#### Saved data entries

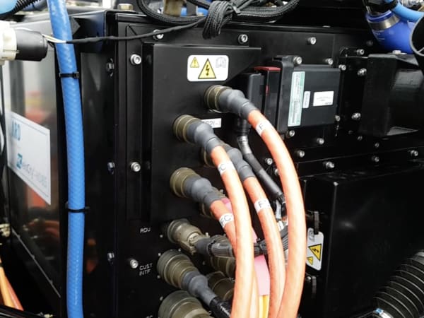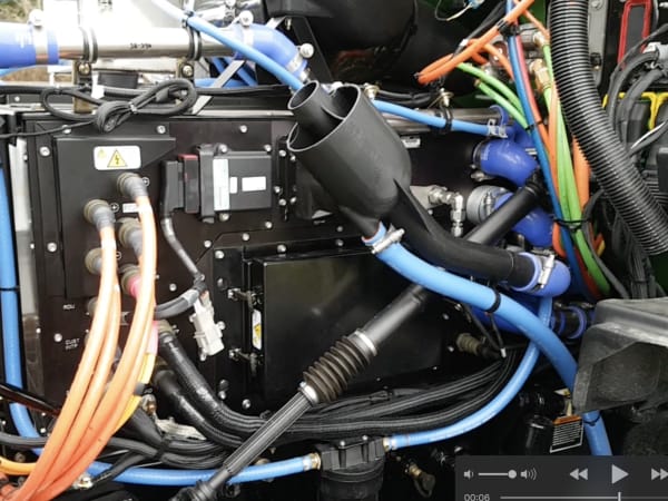 The truck produces no emissions other than a small column of steam when the hydrogen fuel cell stack is charging the batteries.
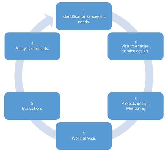 Service-Learning (SL) is a methodology in which the students achieve academic and transversal competences related to a subject while carrying out a service for community benefit [7,8,9,10,11,12,13]. Furthermore, SL is an educational proposal that allows to train in skills and values, promoting an inclusive, active, participatory, and committed education, through a practical experience in a real environment with specific needs, which promotes relationships with community and contributes to the education for citizenship [14,15,16,17]. This methodology can be used as a tool to incorporate contents in the lecture sessions as a way to teach the students about sustainability [18] or to start collaborations about sustainability issues between community partners, local governments and associations [19].
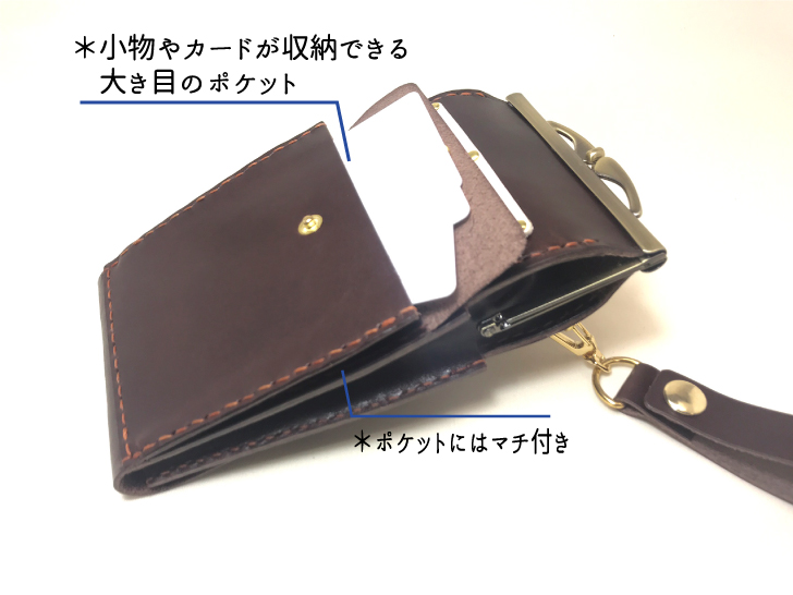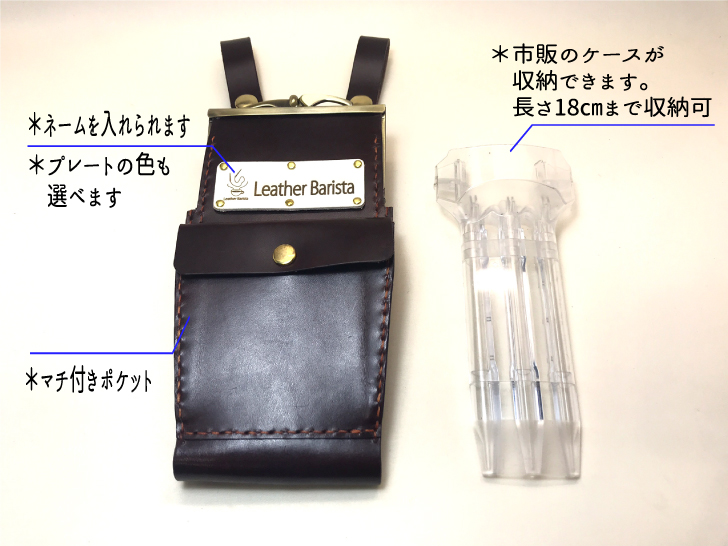 税込 30,900円 サイズ:20cm×11.5cm 手縫いとミシン縫いで仕上げます 皮革とステッチの色はこちらより選択できます。(例えば「カードポケットの一部だけを赤色に」など、組み合わせは自由にご指定頂けます。) ネーム入れ、装飾などのオプションを組み合わせる事もできます。 デザインや仕様の一部を自由にオーダー変更もできます。お気軽にお申し付けください。
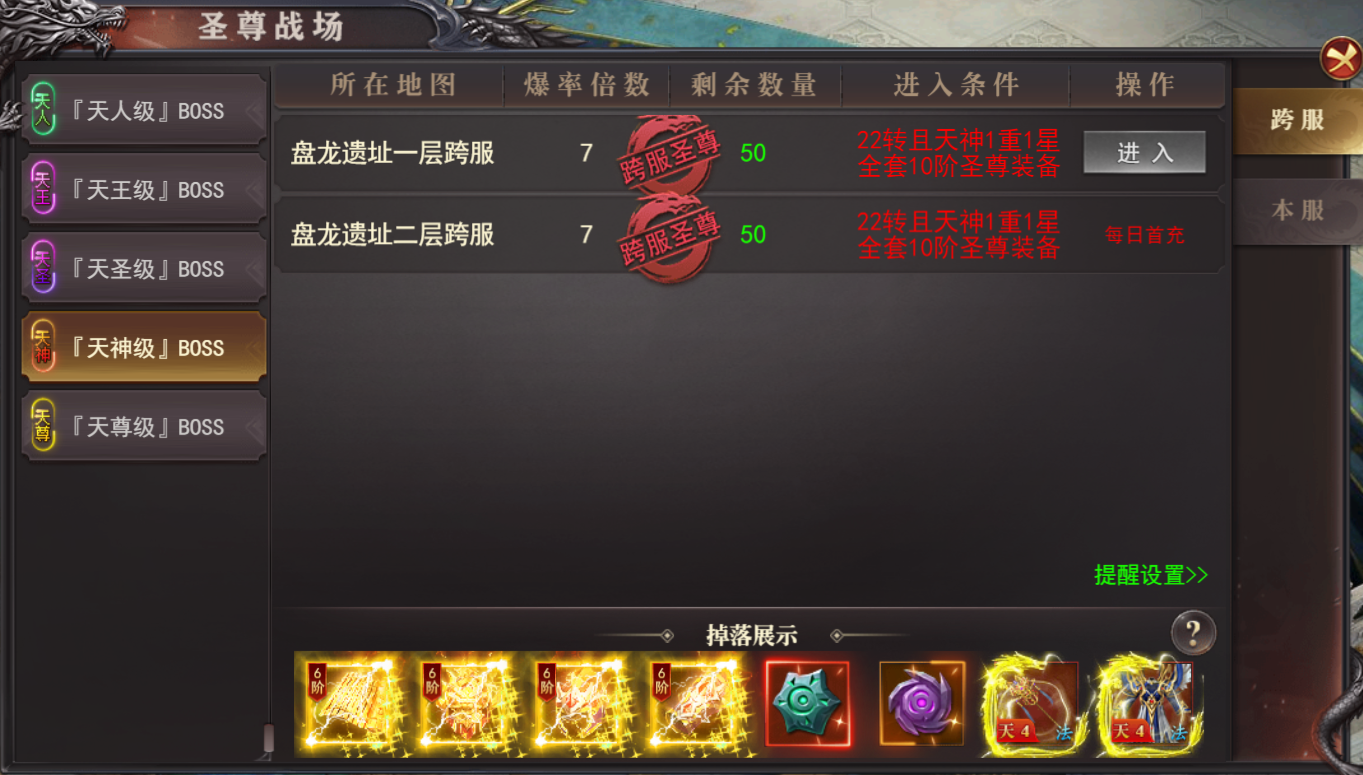(1)达到对应圣尊装备穿戴等阶方可进入 (2)掉落圣尊高阶装备
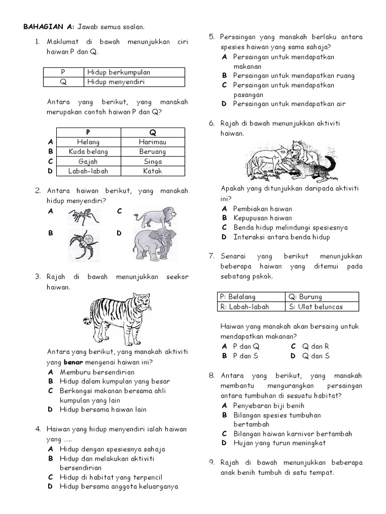 Bab 1 Interaksi Antara Hidupan Latihan School Work
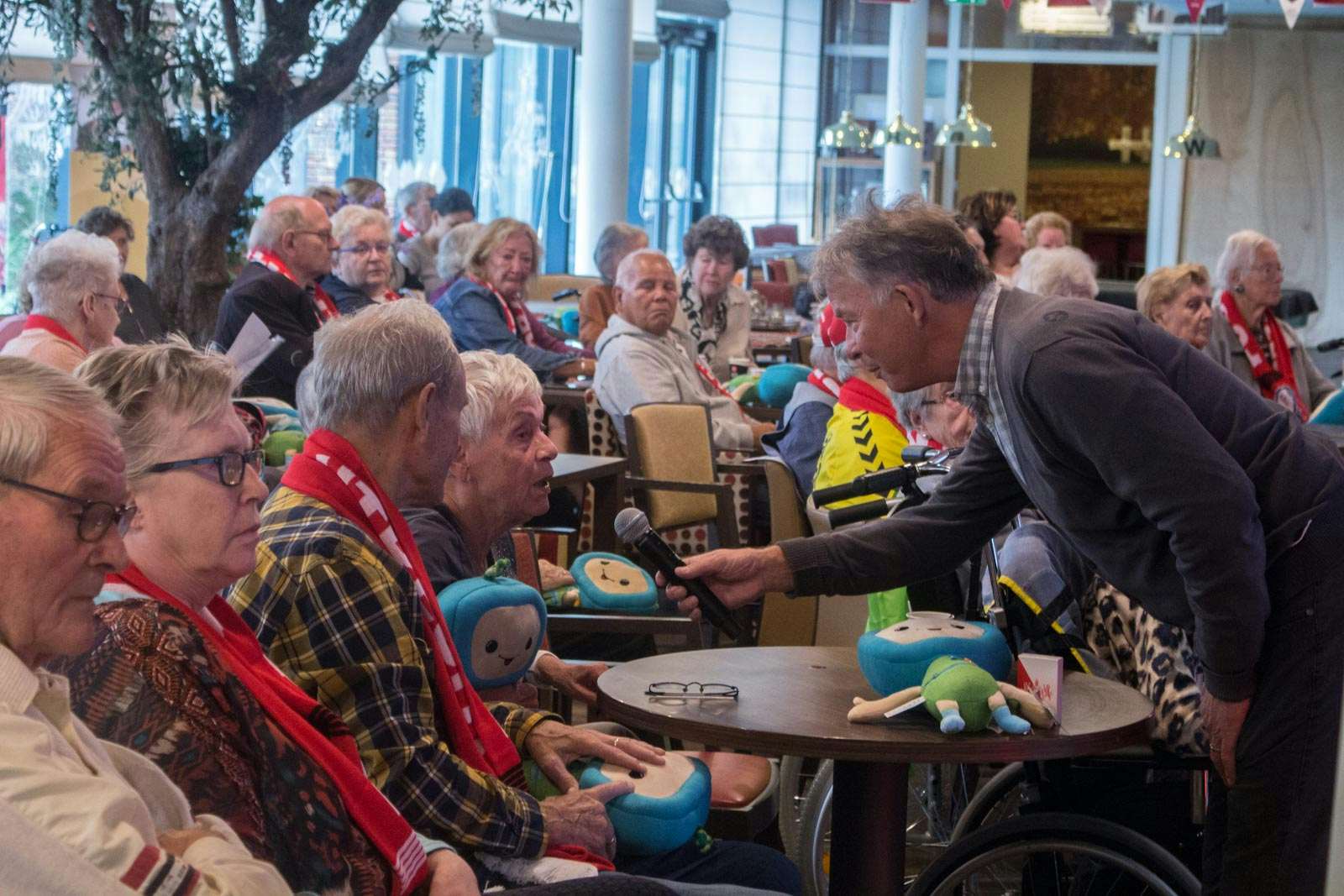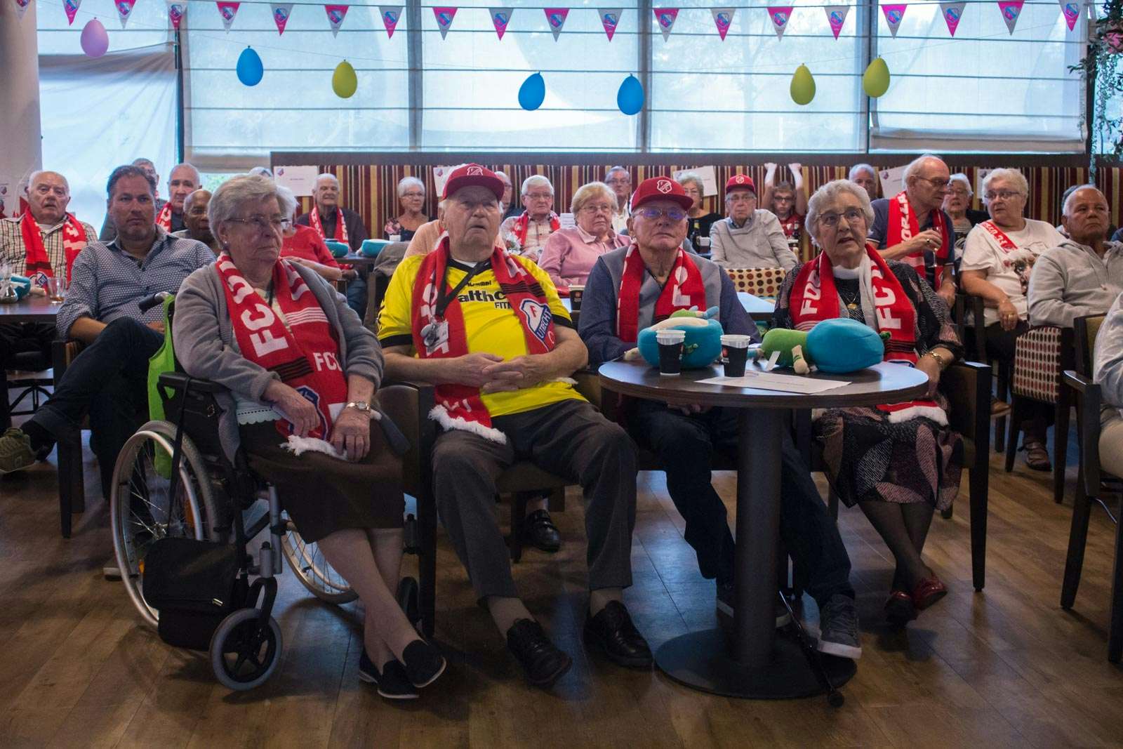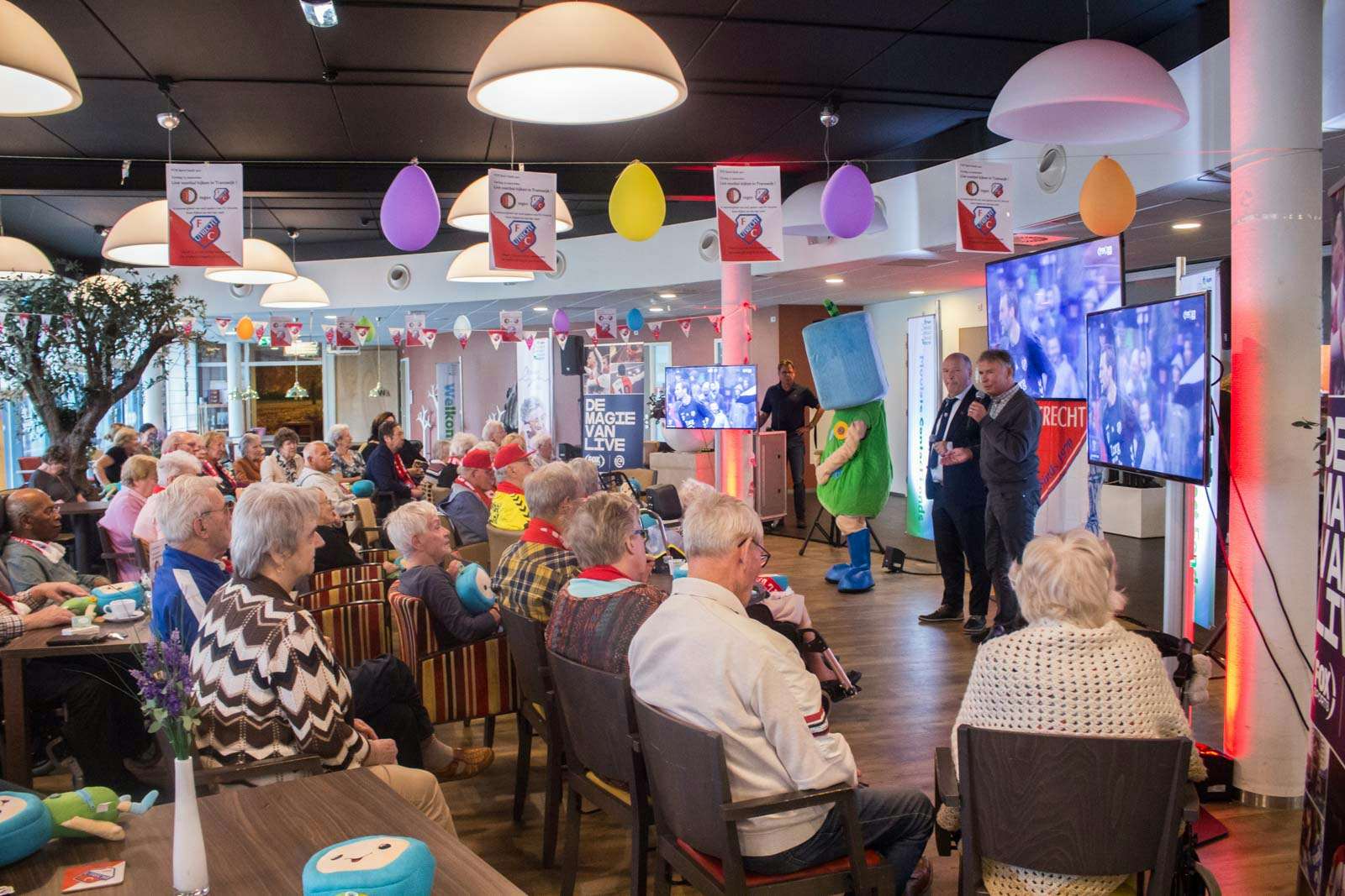 De bewoners van Woonzorgcentrum Transwijk wisten zelf nog van niets toen ze zondagochtend op werden gehaald uit hun kamers en naar de grote ontvangsthal van het zorgcomplex werden gebracht. De verrassing was bij hen dan ook enorm toen bleek dat die ontvangsthal was omgetoverd tot een waar voetbalstadion met grote schermen. Er was zelfs een cameraploeg van FOX Sports aanwezig. Alle ouderen ontvingen een FC Utrecht sjaal en konden onder het genot van een hapje en drankje gezamenlijk naar de wedstrijd tussen Feyenoord en FC Utrecht kijken.
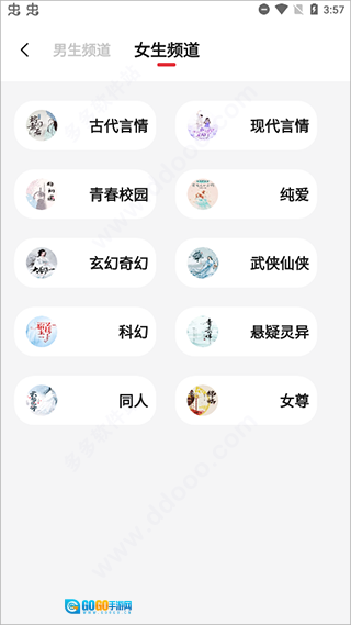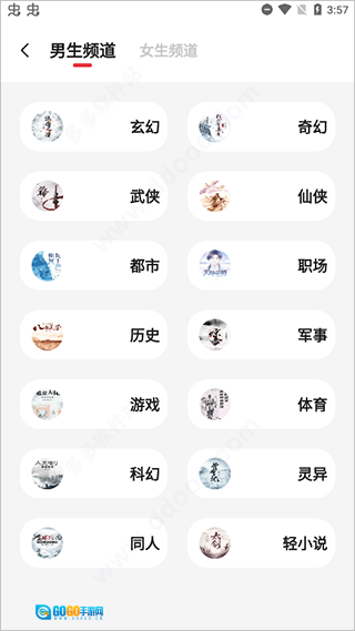 知轩藏书的手机端同样设有男生专区和女生专区。
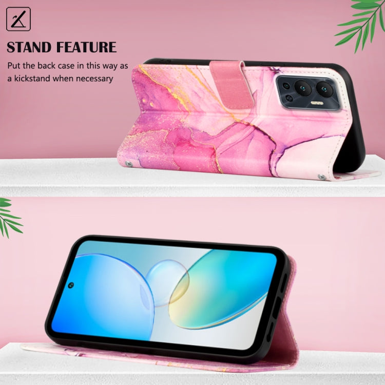 Funda de Teléfono Infinix Hot 12 X6817 Pt003 con Tapa de Cuero y Patrón de Mármol (Oro Rosa Púrpura)
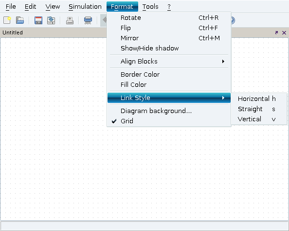 To delete blocks or a links, select first the Delete menu item, then click successively on the selected objects (with left button). When you delete a block all links connected to it are deleted as well.

#### What is required
Repeat the records above exactly, leaving out the pictures.

#### Task output
 The truck produces no emissions other than a small column of steam when the hydrogen fuel cell stack is charging the batteries.
 Service-Learning (SL) is a methodology in which the students achieve academic and transversal competences related to a subject while carrying out a service for community benefit [7,8,9,10,11,12,13]. Furthermore, SL is an educational proposal that allows to train in skills and values, promoting an inclusive, active, participatory, and committed education, through a practical experience in a real environment with specific needs, which promotes relationships with community and contributes to the education for citizenship [14,15,16,17]. This methodology can be used as a tool to incorporate contents in the lecture sessions as a way to teach the students about sustainability [18] or to start collaborations about sustainability issues between community partners, local governments and associations [19].
 税込 30,900円 サイズ:20cm×11.5cm 手縫いとミシン縫いで仕上げます 皮革とステッチの色はこちらより選択できます。(例えば「カードポケットの一部だけを赤色に」など、組み合わせは自由にご指定頂けます。) ネーム入れ、装飾などのオプションを組み合わせる事もできます。 デザインや仕様の一部を自由にオーダー変更もできます。お気軽にお申し付けください。
(1)达到对应圣尊装备穿戴等阶方可进入 (2)掉落圣尊高阶装备
 Bab 1 Interaksi Antara Hidupan Latihan School Work
 De bewoners van Woonzorgcentrum Transwijk wisten zelf nog van niets toen ze zondagochtend op werden gehaald uit hun kamers en naar de grote ontvangsthal van het zorgcomplex werden gebracht. De verrassing was bij hen dan ook enorm toen bleek dat die ontvangsthal was omgetoverd tot een waar voetbalstadion met grote schermen. Er was zelfs een cameraploeg van FOX Sports aanwezig. Alle ouderen ontvingen een FC Utrecht sjaal en konden onder het genot van een hapje en drankje gezamenlijk naar de wedstrijd tussen Feyenoord en FC Utrecht kijken.
 知轩藏书的手机端同样设有男生专区和女生专区。
 Funda de Teléfono Infinix Hot 12 X6817 Pt003 con Tapa de Cuero y Patrón de Mármol (Oro Rosa Púrpura)
 To delete blocks or a links, select first the Delete menu item, then click successively on the selected objects (with left button). When you delete a block all links connected to it are deleted as well.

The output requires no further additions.